WORK TO BE COMPLETED ▸
Copy each line below exactly and leave the pictures out.

PROVIDED DATA ▸
***

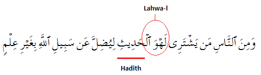 "But there are, among men, those who purchase idle (Arabic: Lahwa-l) tales (Arabic: Hadith), without knowledge, to mislead from the Path of God and throw ridicule (on the Path): for such there will be a Humiliating Penalty"
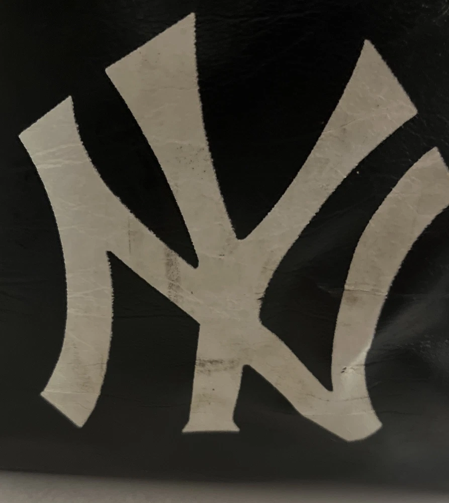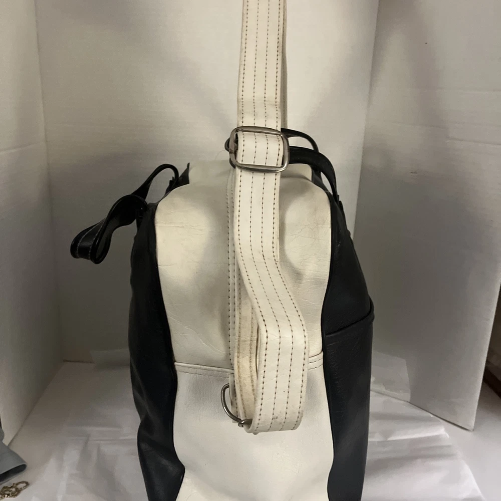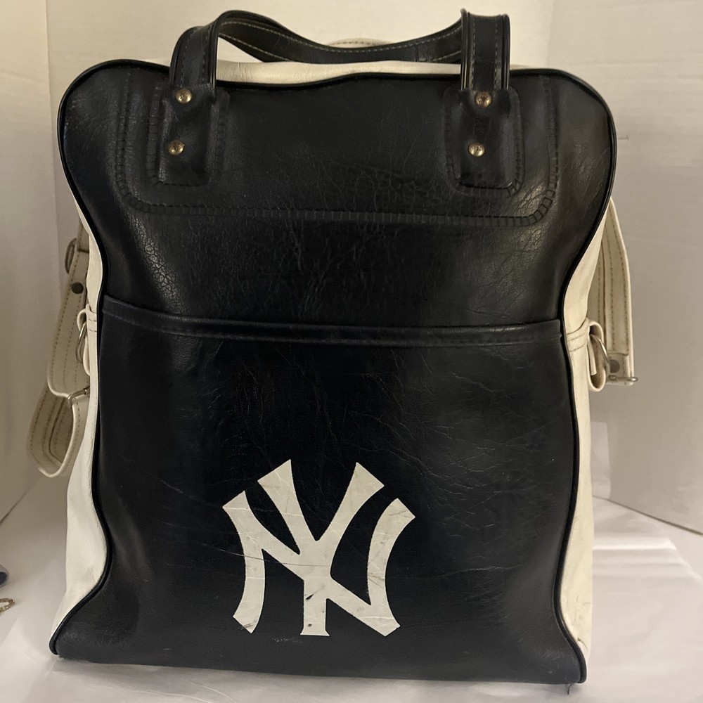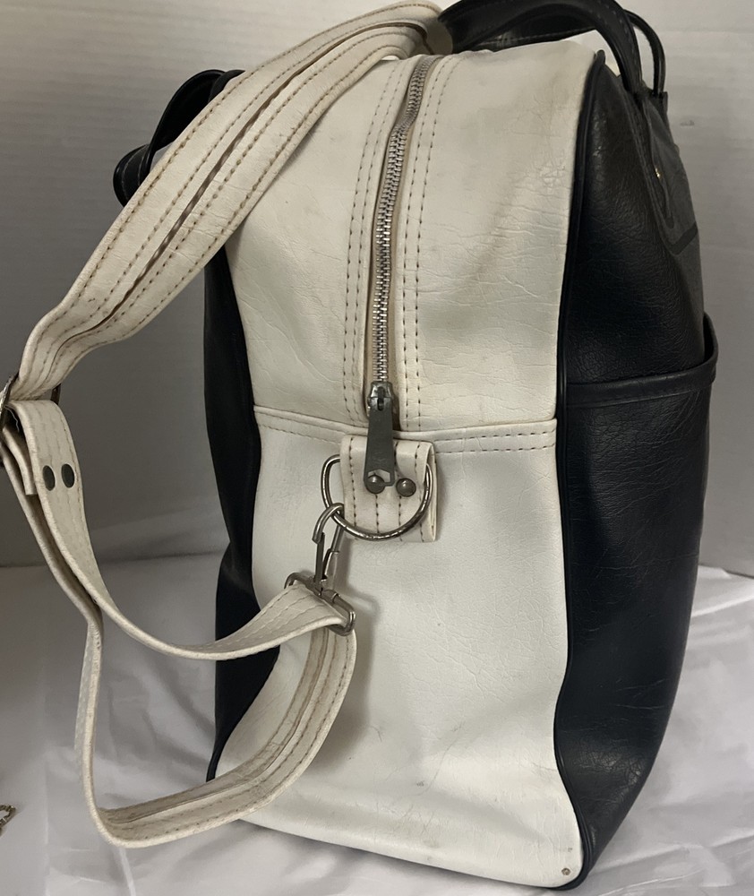 This is a vintage New York large vinyl carry-on bag manufactured by Airline Textile Manufacturing Company. It features a classic design and ample storage space for travel essentials. The bag is durable and ideal for short trips or as a carry-on for flights. There are signs of normal use . With a few scuff marks and a tiny tear that can be seen in the second to last picture.
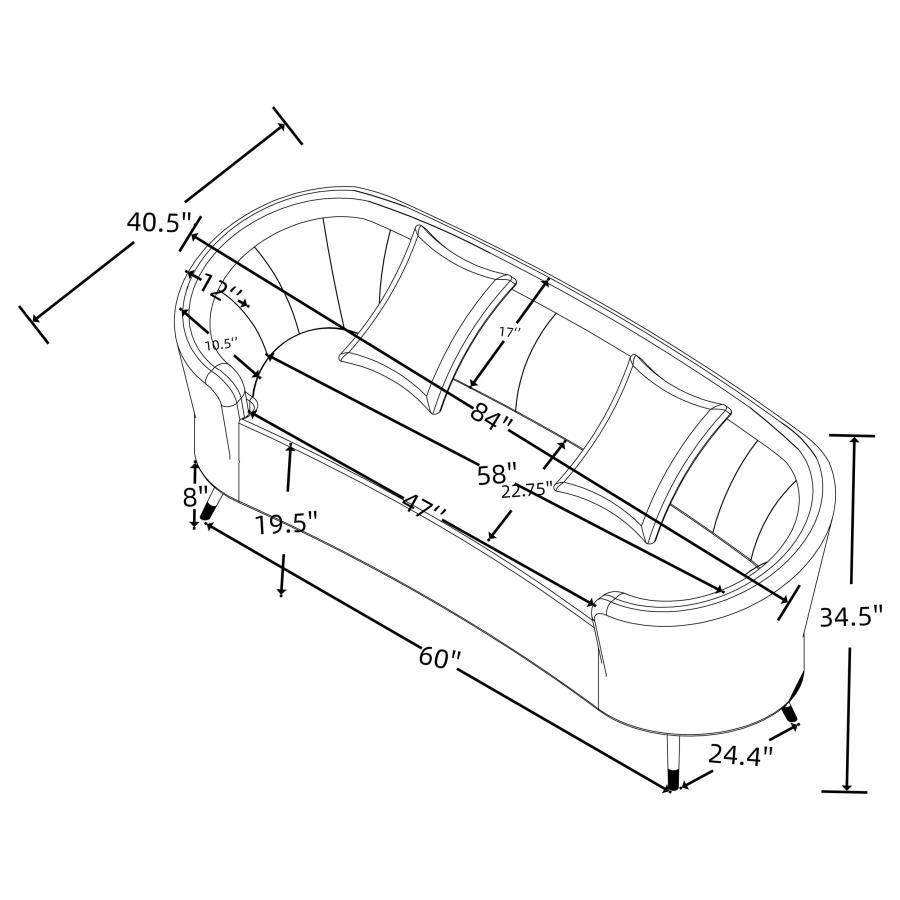 Show off your curve appeal with this updated kidney silhouette that blends fresh appeal and timeless elegance in a modern loveseat. This great piece, featuring soft, neutral beige upholstery, is perfect to float in the center of a room as an attractive focal point. The loveseat's curvy profile is complete with a rounded back and arms with a sloping design, framed by extra wide channel details, lending a sense of sophistication in a den or living room. A pair of premium filled accent pillows featuring a wide corduroy stripe and plum textured boucle offer impeccable comfort for lounging. The loveseat stands on stylish tapered black powder coated metal legs, providing a lovely hint of vintage character and airy height.
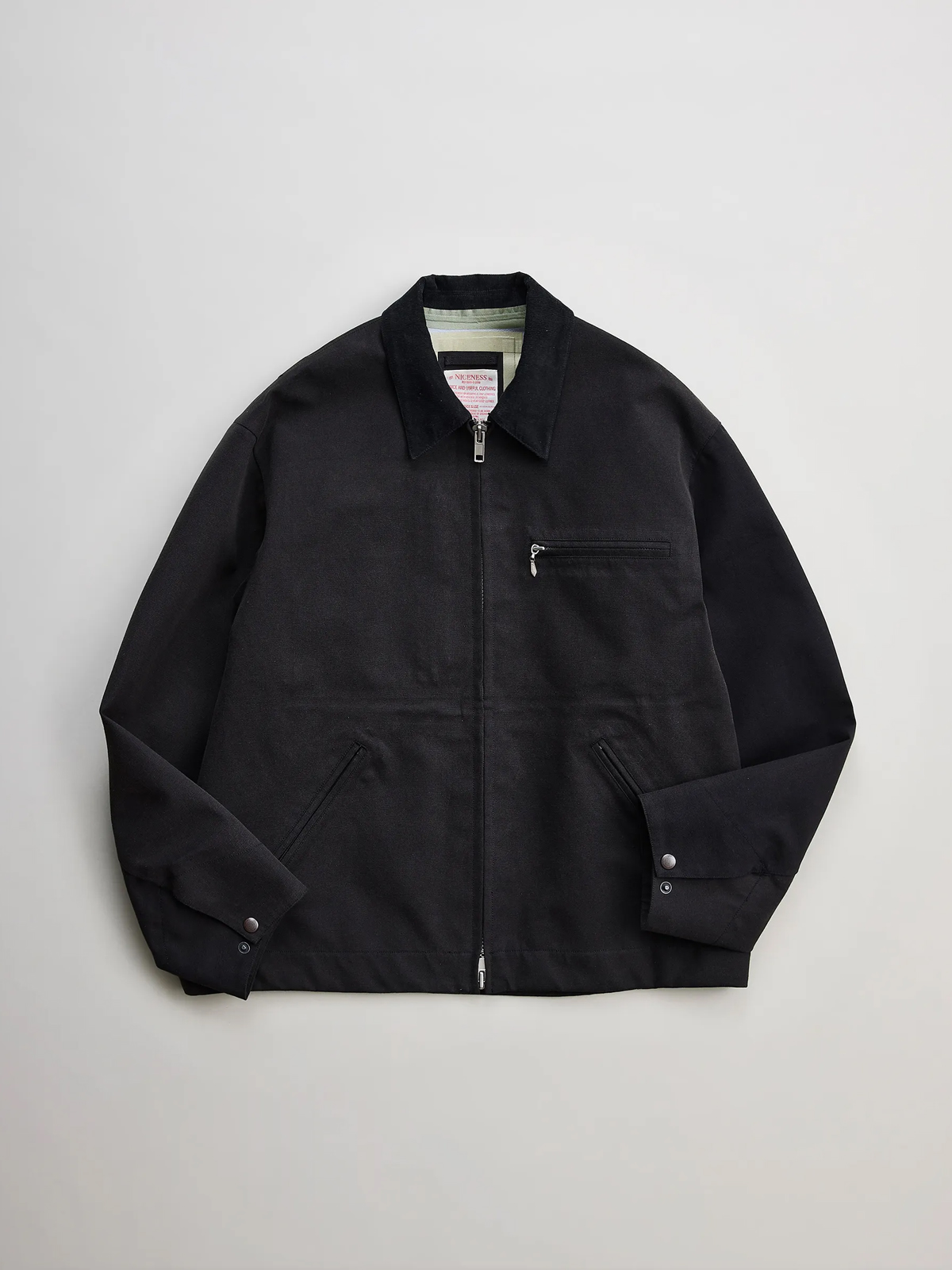 유황 염색(硫化染め)으로 마감한 코튼 덕(Cotton Duck) 원단에 열가소성 폴리우레탄을 중간층으로, 나일론 100%를 안감에 배치한 삼중 레이어 구조의 원단으로 제작된 워크 재킷입니다.

***

ANSWER TO THE PROBLEM ▸
 "But there are, among men, those who purchase idle (Arabic: Lahwa-l) tales (Arabic: Hadith), without knowledge, to mislead from the Path of God and throw ridicule (on the Path): for such there will be a Humiliating Penalty"
 This is a vintage New York large vinyl carry-on bag manufactured by Airline Textile Manufacturing Company. It features a classic design and ample storage space for travel essentials. The bag is durable and ideal for short trips or as a carry-on for flights. There are signs of normal use . With a few scuff marks and a tiny tear that can be seen in the second to last picture.
 Show off your curve appeal with this updated kidney silhouette that blends fresh appeal and timeless elegance in a modern loveseat. This great piece, featuring soft, neutral beige upholstery, is perfect to float in the center of a room as an attractive focal point. The loveseat's curvy profile is complete with a rounded back and arms with a sloping design, framed by extra wide channel details, lending a sense of sophistication in a den or living room. A pair of premium filled accent pillows featuring a wide corduroy stripe and plum textured boucle offer impeccable comfort for lounging. The loveseat stands on stylish tapered black powder coated metal legs, providing a lovely hint of vintage character and airy height.
 유황 염색(硫化染め)으로 마감한 코튼 덕(Cotton Duck) 원단에 열가소성 폴리우레탄을 중간층으로, 나일론 100%를 안감에 배치한 삼중 레이어 구조의 원단으로 제작된 워크 재킷입니다.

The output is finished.